Jan Ball started seriously writing poetry and submitting it for publication in 1998. Since then, she has had 350 poems published in the U.S., Australia, Canada, India, Ireland, Czech Republic, and England. Published poems have appeared in: ABZ, Mid-American Review, Parnassus and many other journals. Her poem, carwash, won the 2011 Betsy Colquitt $500 Award for the best poem in a current issue of Descant, Fort Worth. More recently, Jan’s poem, Loquat Jam was awarded first place in the annual Loquat Festival of Port Ritchie, Florida (2018). Her poem, “Not Sharing at Yoshu” was nominated for the Pushcart by Orbis Literary Review (2020, England). Her three chapbooks, Accompanying Spouse (2011), Chapter of Faults (2014), and Day Job (2020) have been published by Finishing Line Press as well as her first full length poetry collection, I Wanted To Dance With My Father (2017). Jan is a member of The Poetry Club of Chicago.

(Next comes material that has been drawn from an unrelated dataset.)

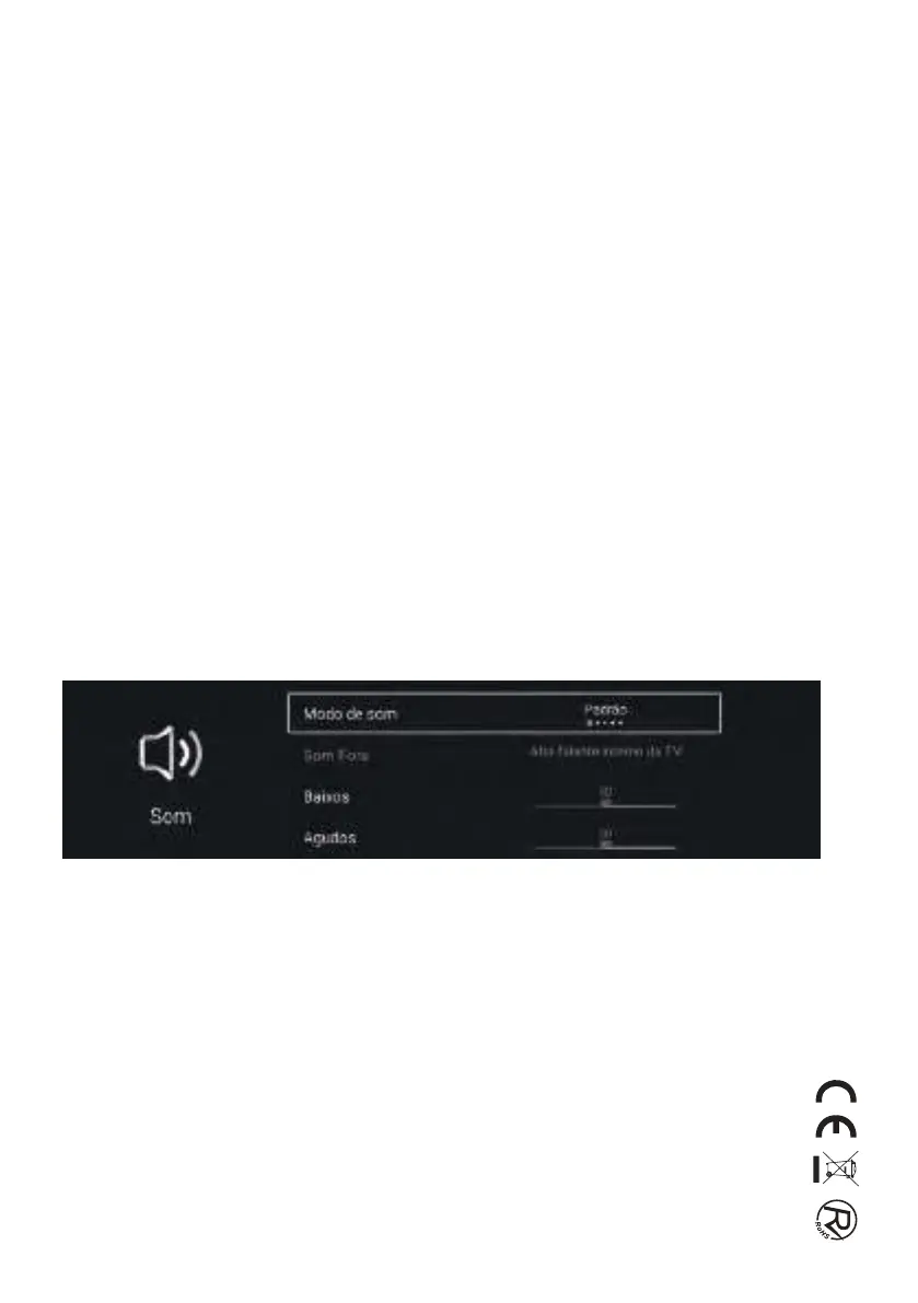 Pressione o botão ▲/▼ para selecionar Modo de som/Saída de som/Graves/Agudos/Equilíbrio/Deficientes

Besides her poetry publications, she wrote a doctoral dissertation at the University of Rochester in 1996. The title is: Age and Natural Order in Second Language Acquisition. Jan did undergraduate work at Alverno College and DePaul University. Jan taught ESL at DePaul University in Chicago most recently. She lived in Australia for fifteen years with her Australian husband, Ray Ball and taught high school in Brisbane and Sydney. Her two children, Geoffrey and Quentin, were born in Brisbane. She is a twin to Jean Helmken and she was a Franciscan nun for seven years (Sister Jeanclare). When not reading non-fiction and fiction or writing poetry, going to book group or traveling, Jan and her husband like to cook for friends. These background experiences infuse her poetry.

Joyeux Anniversaire

In this alfresco restaurant, the chalky
white calanques sandstone and
Mediterranean in the background
like a Cezanne painting, we sit down
with our old friends who introduced
us to the South of France twenty-five
years ago.

Jeannette, no longer decorates her face
with two shades of eye shadow, green
and brown and now Greg hums show
tunes, even sings a few bars from Chicago’s
Razzle Dazzle Me
but doesn’t get up
from our table to tap dance like Richard
Gere did in the movie.

None of the French diners seem to mind,
their eyes focused on their first prix
fixe course, vegetables arranged on plates
like an Ascot hat that Kate Middleton
might wear, the tops of radishes and beets
appetizing here, but find their way into
my garbage bin at home.

Main course, dessert, decaffeinated coffee,
we’ve done it all before, but still delight
in wishing them another: joyeux anniversaire.

Just This Once

Here at the Negresco Hotel, Nice
again, I expect to see women in abayas
in the lobby but suspect they took them
off in the limousines with tinted windows
en route from the airport or in the suites
on the fifth floor for VVIP persons, we
were told last year when we asked,
needless to say, not us.

My head is reeling
from the sensory abundance
like the carousel brunch restaurant
downstairs. The opulent jacquard
blue-patterned walls in our suite
almost play a waltz. Still the period
furniture that doesn’t seem reproduction,
rather from a Versailles bedroom,
is a reminder of ghastly French
excesses that caused a revolution.

However, just this once (again?),
I want to wash my face in the gold basin
in the bathroom, walk the Promenade
des Anglais at noon and settle
into a velvet dinner chair
at the Chanticleer Restaurant tonight,
not think about anything that lurks
in the corners of the rooms.

Other Years

Pimento-stuffed green or oil-cured
black olives gleam at a stand across
from jockey underwear packaged
in sets of three with a graphic photo
on the top and next to peppers piled
as high as Peter Piper’s pickled ones.
I absorb it all as I limp through
the Sunday market this year leaning
on my husband’s arm like his mother
might have.

Once I pirouetted between French
shoppers like a lithe dancer pausing
to bargain for olivewood salt shakers
to take home to Chicago for hostess
gifts while trying my crude French
on wary stall-renters.

Today, at one of the peripheral
vegetable stands, we select two
huge heads of romaine lettuce
with grubs and dirt clearly adhering
to the outer leaves—more farm fresh
than we appreciate for the Caesar
salad we’ll make with local white
anchovies, laughing when we
remember the way our mothers
always kept a head of iceberg lettuce
in the fridge when we were growing up.

This year, constrained by my lumbar
stenosis, I will not walk to the parking
lot with Sean but, instead, will wait
for him on a closer bench in the square
to bring the rented Peugeot and drive
me to the top of the hill we clambered
up like rock climbers other years.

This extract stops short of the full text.